* Exercise directions
When you print the records below, keep every word exact and leave out the images.

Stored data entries

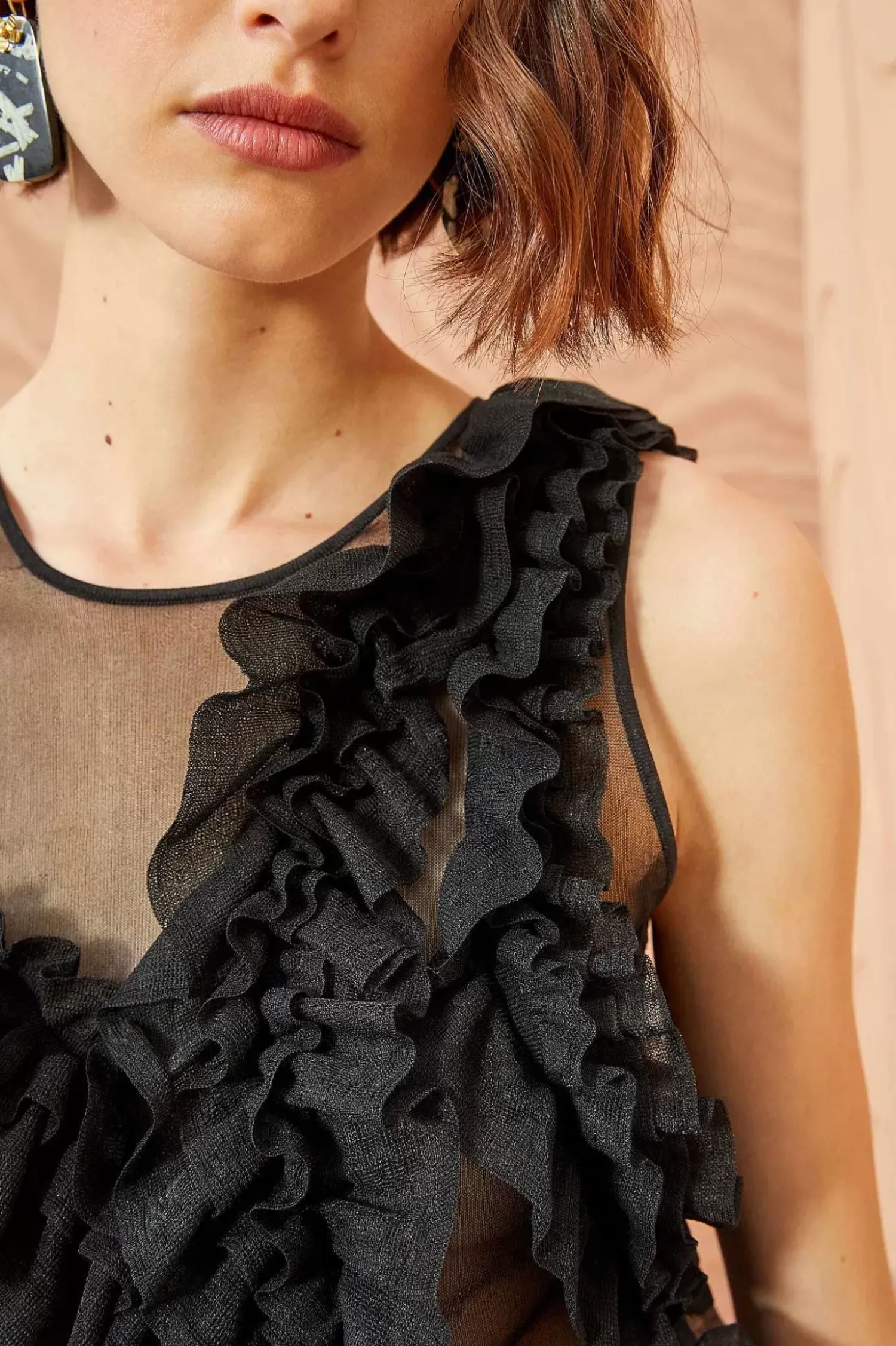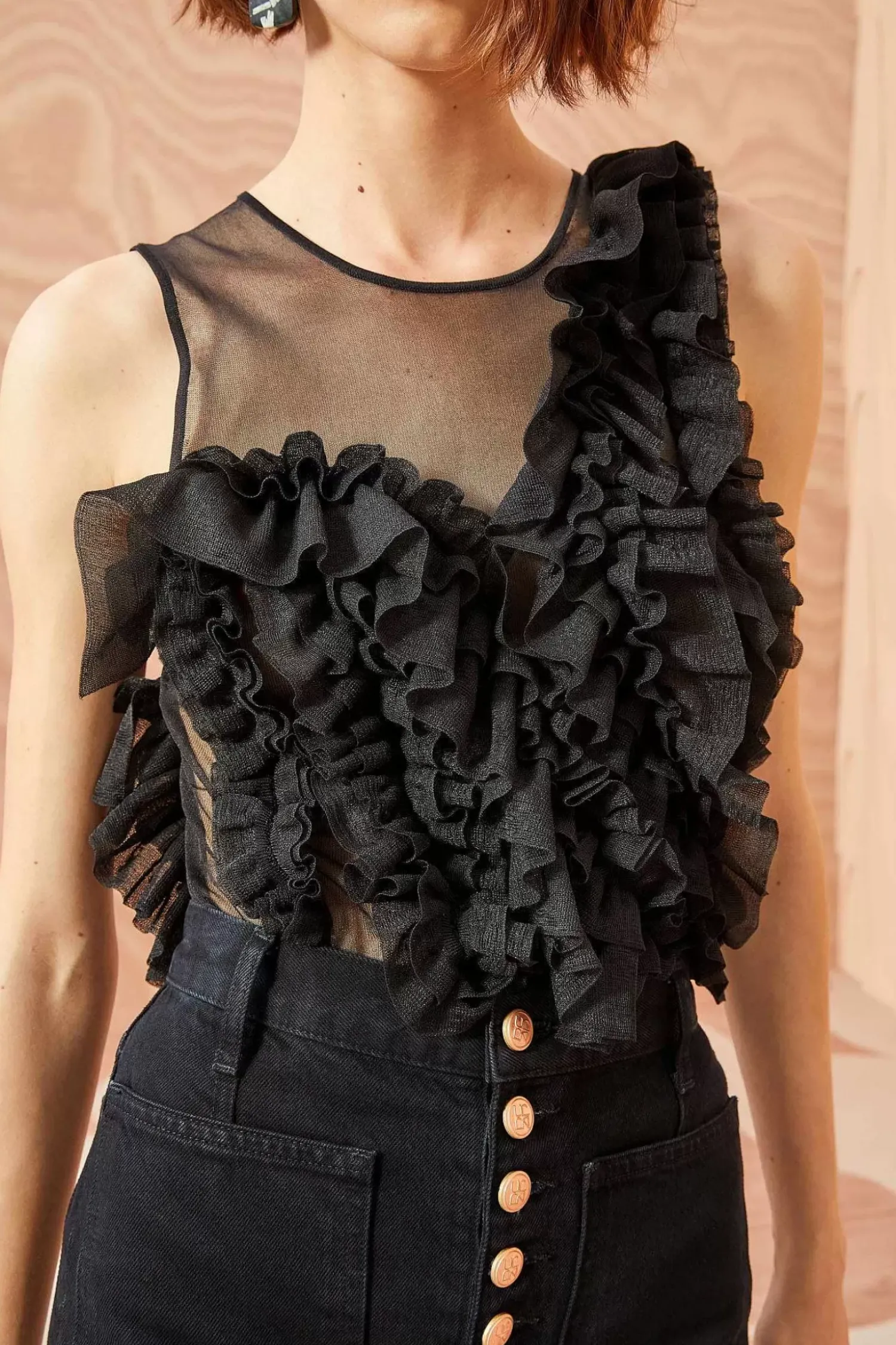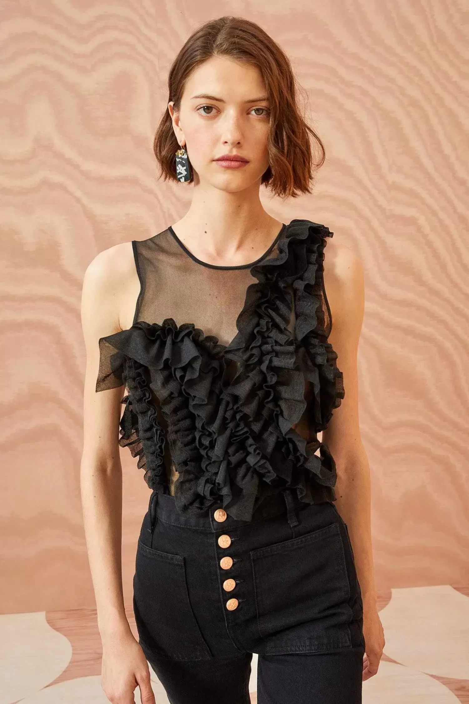 As Featured In Look 38 Of Our Autumn/Winter ’23 Runway Show, The Winnifred Top Is Made From Our Translucent Frills Knit, A Sheer Top Adorned With A Strategically Placed Explosion Of Fluttering Frills Across The Bodice. Pair This Black Sleeveless Top With The Sarafina Skirt For The Full Look.
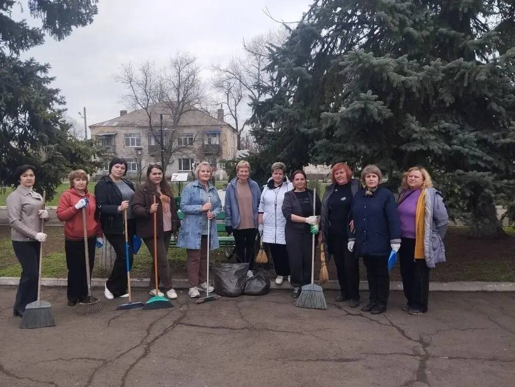 К санитарной пятнице активно присоединился коллектив Антрацитовской средней школы № 10: совместно со старшеклассниками педагогический коллектив, технический персонал навели порядок в центральном сквере, собрав сухие ветки, мусор, остатки прошлогодней листвы.
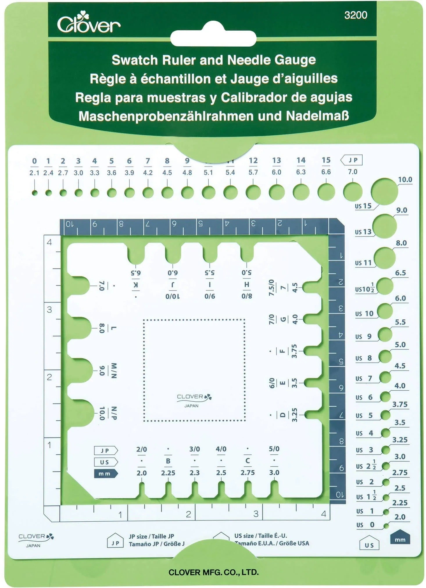 Clover Swatch Ruler and Needle Gauge A multi-purpose tool for knitting and crochet. The Swatch Ruler allows you to isolate a section of your work to easily count both stitches and rows. This 6.25x8.625 inch package contains one swatch ruler and one needle gauge.
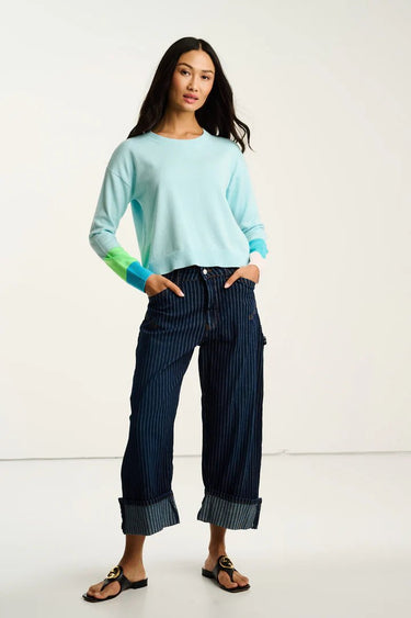 The Block Party knit features a unique and eye-catching color-blocking design at the sleeves and cuffs, adding a playful yet sophisticated touch. Its relaxed fit and laid-back drop shoulder ensure effortless wearability and a flattering silhouette for various body types. Finishing details include classic ribbed trims at the neck, cuffs, and hem, enhancing its durability and timeless appeal. Whether you're enjoying a casual outing or adding a pop of color to your everyday ensemble, this aqua knit pullover is an ideal choice.
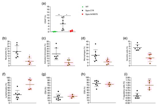 In order to better characterize the phenotype of inflammatory muscle infiltrates, we performed a cytometric analysis of a pool of limb muscles, including gastrocnemius, quadriceps and anterior tibialis, isolated from WT, Sgca CTR and Sgca A438079 mice. As shown in Figure 4a, limb muscles of Sgca CTR mice were characterized by the presence of CD45+ hematopoietic immune cells which, in contrast, were not detected in WT mice (WT vs. Sgca CTR, p < 0.01).

* Your response
 As Featured In Look 38 Of Our Autumn/Winter ’23 Runway Show, The Winnifred Top Is Made From Our Translucent Frills Knit, A Sheer Top Adorned With A Strategically Placed Explosion Of Fluttering Frills Across The Bodice. Pair This Black Sleeveless Top With The Sarafina Skirt For The Full Look.
 К санитарной пятнице активно присоединился коллектив Антрацитовской средней школы № 10: совместно со старшеклассниками педагогический коллектив, технический персонал навели порядок в центральном сквере, собрав сухие ветки, мусор, остатки прошлогодней листвы.
 Clover Swatch Ruler and Needle Gauge A multi-purpose tool for knitting and crochet. The Swatch Ruler allows you to isolate a section of your work to easily count both stitches and rows. This 6.25x8.625 inch package contains one swatch ruler and one needle gauge.
 The Block Party knit features a unique and eye-catching color-blocking design at the sleeves and cuffs, adding a playful yet sophisticated touch. Its relaxed fit and laid-back drop shoulder ensure effortless wearability and a flattering silhouette for various body types. Finishing details include classic ribbed trims at the neck, cuffs, and hem, enhancing its durability and timeless appeal. Whether you're enjoying a casual outing or adding a pop of color to your everyday ensemble, this aqua knit pullover is an ideal choice.
 In order to better characterize the phenotype of inflammatory muscle infiltrates, we performed a cytometric analysis of a pool of limb muscles, including gastrocnemius, quadriceps and anterior tibialis, isolated from WT, Sgca CTR and Sgca A438079 mice. As shown in Figure 4a, limb muscles of Sgca CTR mice were characterized by the presence of CD45+ hematopoietic immune cells which, in contrast, were not detected in WT mice (WT vs. Sgca CTR, p < 0.01).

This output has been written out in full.